Excerpts from a dataset:
****

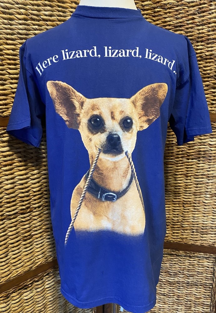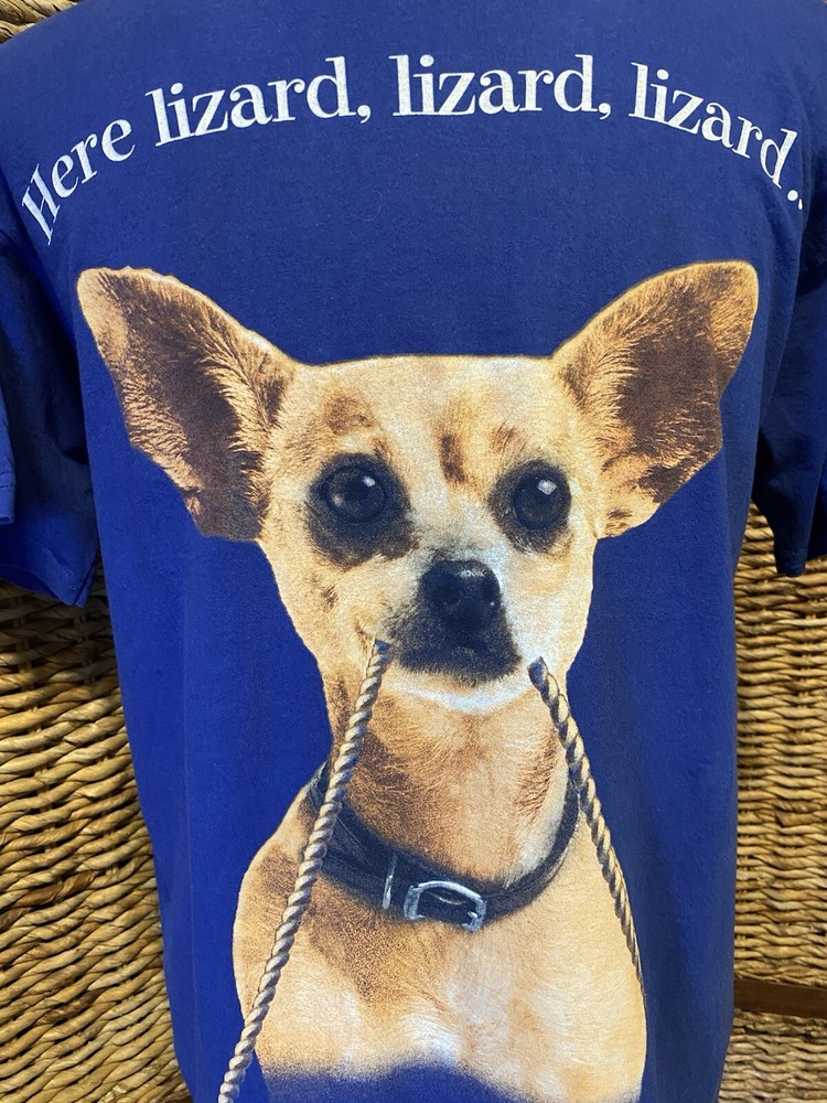 Taco Bell Godzilla 1998 T-Shirt Rare Blue Size L Here Lizard Lizard Lizard Promo Release Chihuahua Clean, preowned condition with overall even fade and light wear to prints; see all photos....
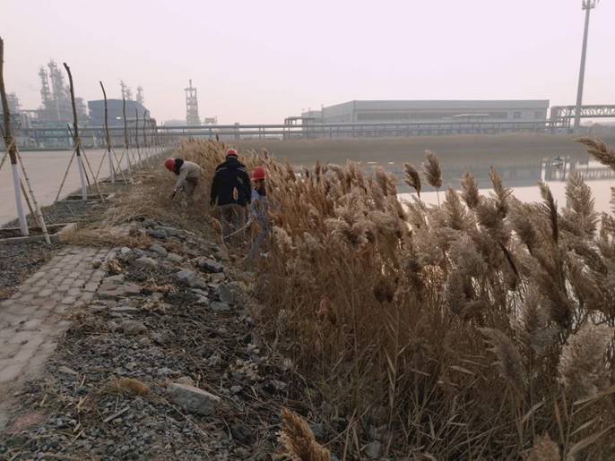 細(xì)問之下了解到,原來是運(yùn)行六部的尾氣硫酸銨二班、水廠二班、污水二班的員工們看到景觀湖周圍干枯的蘆葦影響了公司整體環(huán)境的美觀,同時(shí)面臨氣候干燥的冬季容易成為火災(zāi)隱患。為此,班長(zhǎng)們主動(dòng)溝通交流,利用休班時(shí)間自動(dòng)自發(fā)的對(duì)景觀湖蘆葦進(jìn)行清理。
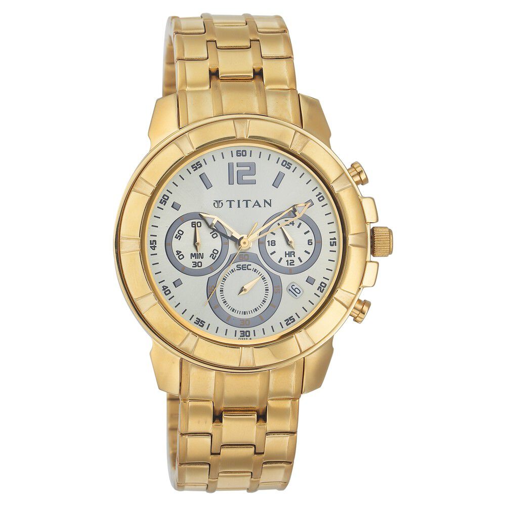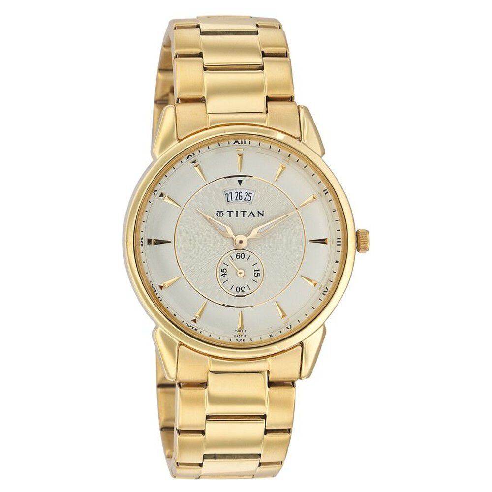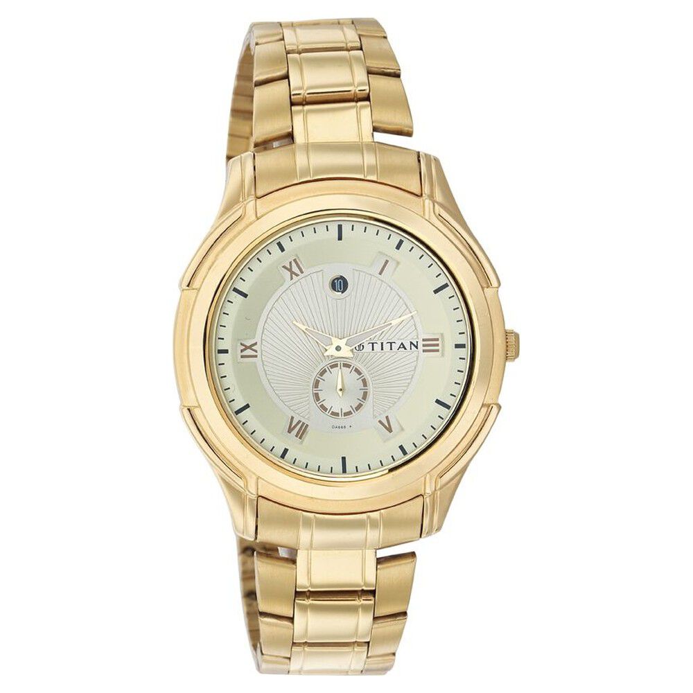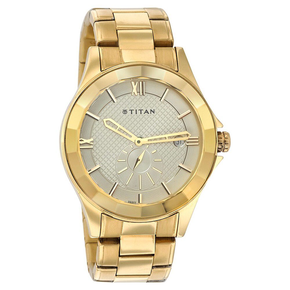 Titan Analog with Date Champagne Dial Stainless Steel Strap watch for Men-NK1318YM02
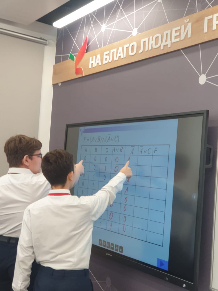 В рамках предметной недели математики и информатики "В мире логики" учитель информатики МБОУ"СОШ №1 г. Азнакаево" Хуснутдинова Р.Р. показала в 8А классе открытый урок информатики "Логические высказывания. Алгебра логики."
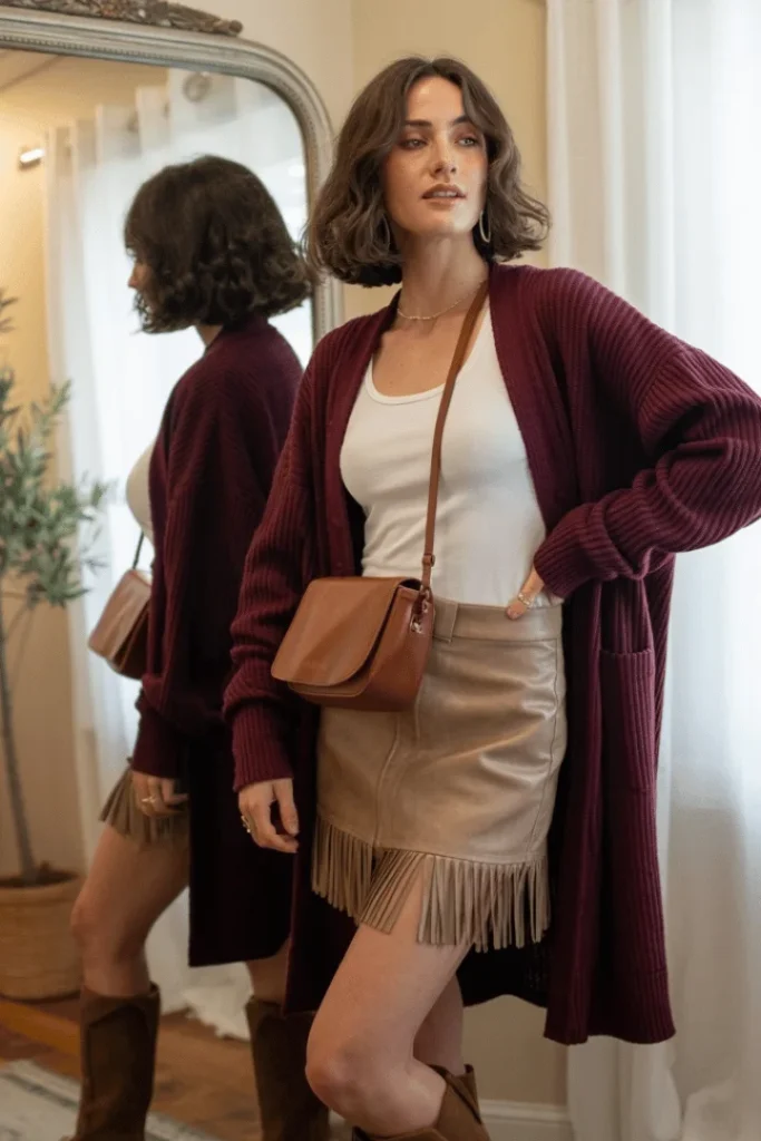 This outfit is a masterclass in mixing textures and tones. A long burgundy ribbed cardigan is layered over a white fitted tank and paired with a tan fringe mini skirt. This is one of those classy spring skirt outfits that feels bohemian and romantic, perfect for spring skirt outfits casual with an artistic edge. The fringe detail on the skirt adds movement and a hint of Western-inspired flair, while the rich burgundy cardigan provides warmth and a pop of color.
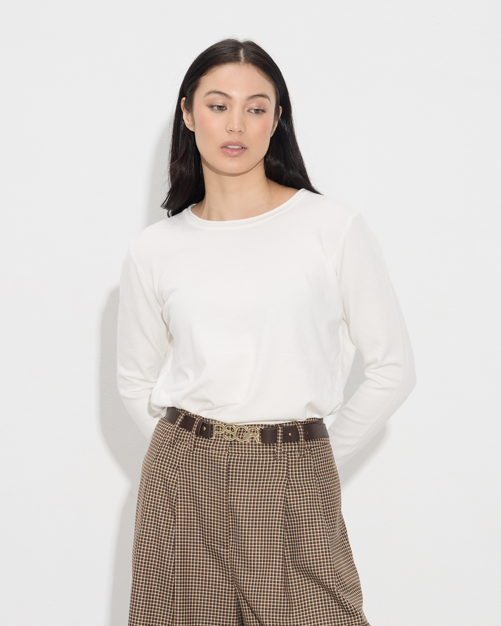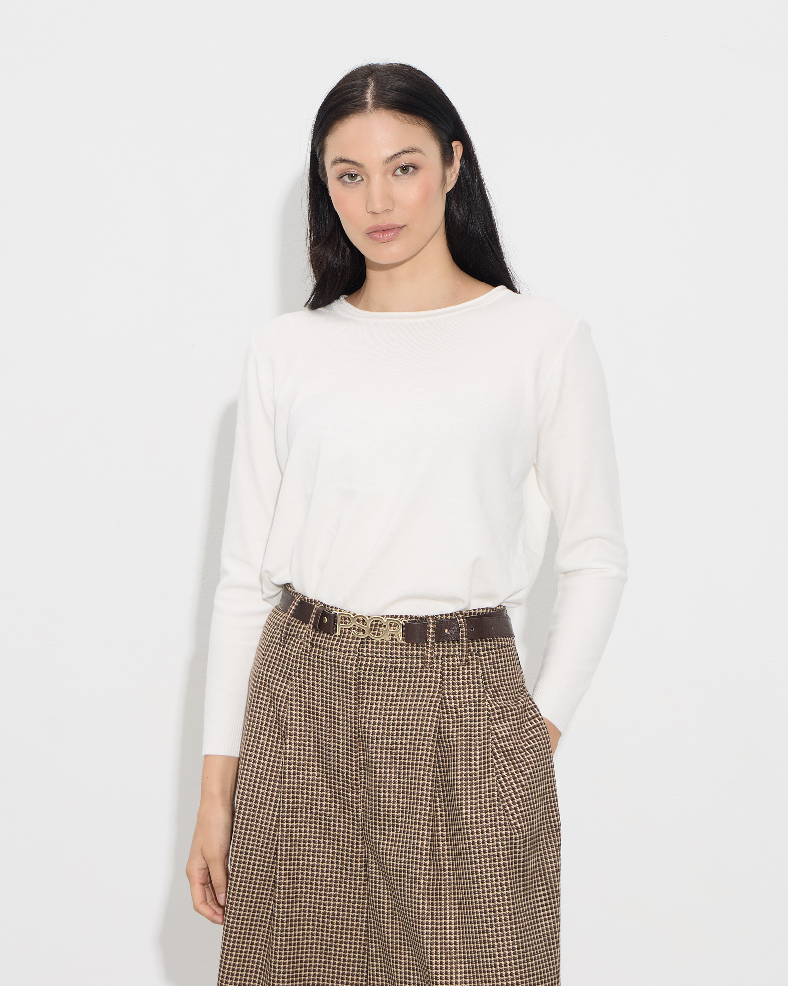 Μπλούζα με μακριά μανίκια, στρογγυλή λαιμόκοψη, σε άνετη γραμμή
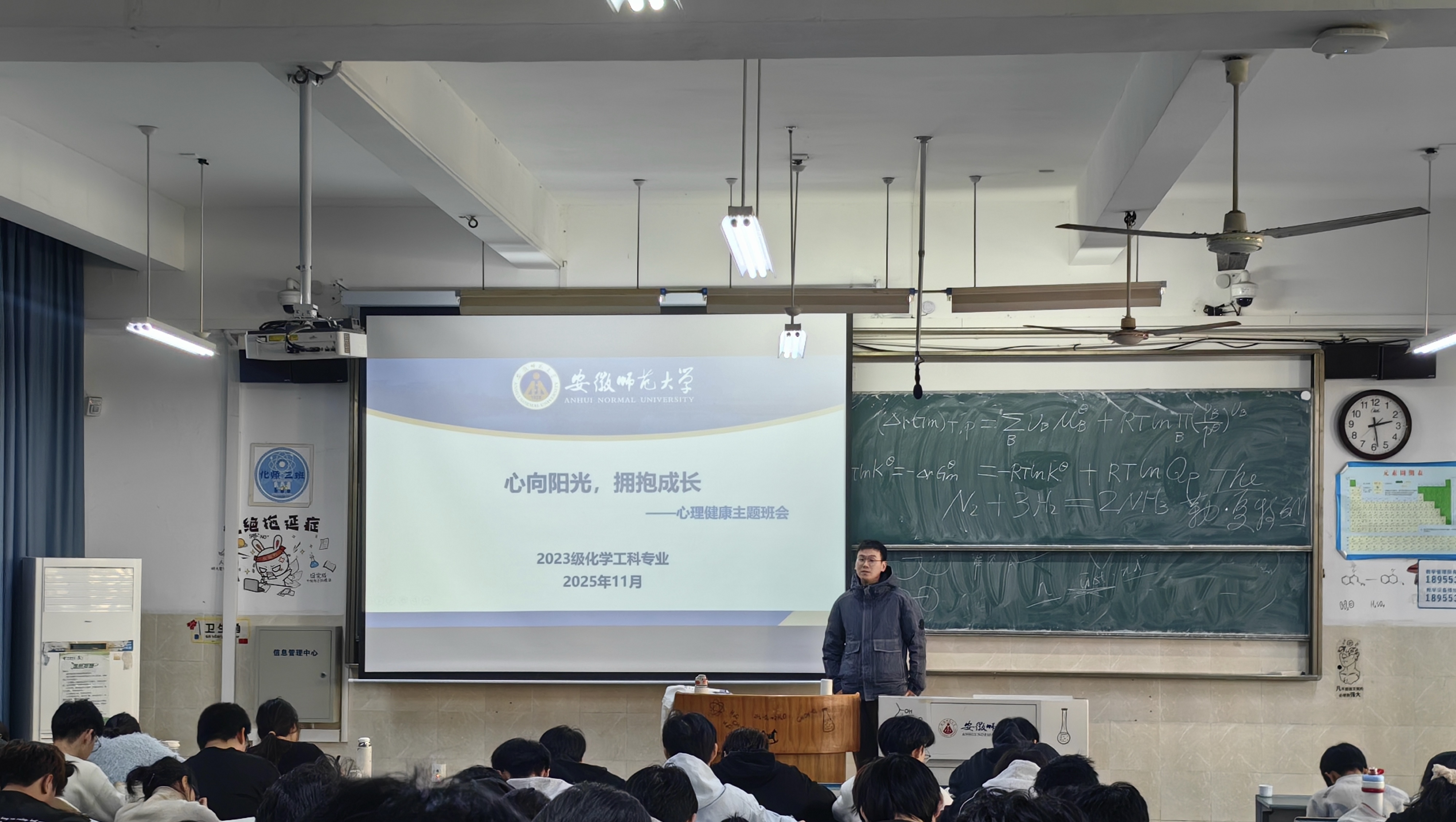 为切实关注学生心理健康,帮助大三学子平稳应对学业关键期与成长新阶段的双重挑战,11月21日-24日,2023级化学工科专业以班级为单位,分别召开“心向阳光,拥抱成长”心理健康主题班会。班会由辅导员梁成主持,全体学生参会。

****

ABOUT THIS TASK
Write out the lines of the entries above exactly, beginning with the first and ending with the line that contains "細(xì)問之下了解到,原來". No picture goes in.

ANSWER SPACE
 Taco Bell Godzilla 1998 T-Shirt Rare Blue Size L Here Lizard Lizard Lizard Promo Release Chihuahua Clean, preowned condition with overall even fade and light wear to prints; see all photos....
 細(xì)問之下了解到,原來是運(yùn)行六部的尾氣硫酸銨二班、水廠二班、污水二班的員工們看到景觀湖周圍干枯的蘆葦影響了公司整體環(huán)境的美觀,同時(shí)面臨氣候干燥的冬季容易成為火災(zāi)隱患。為此,班長(zhǎng)們主動(dòng)溝通交流,利用休班時(shí)間自動(dòng)自發(fā)的對(duì)景觀湖蘆葦進(jìn)行清理。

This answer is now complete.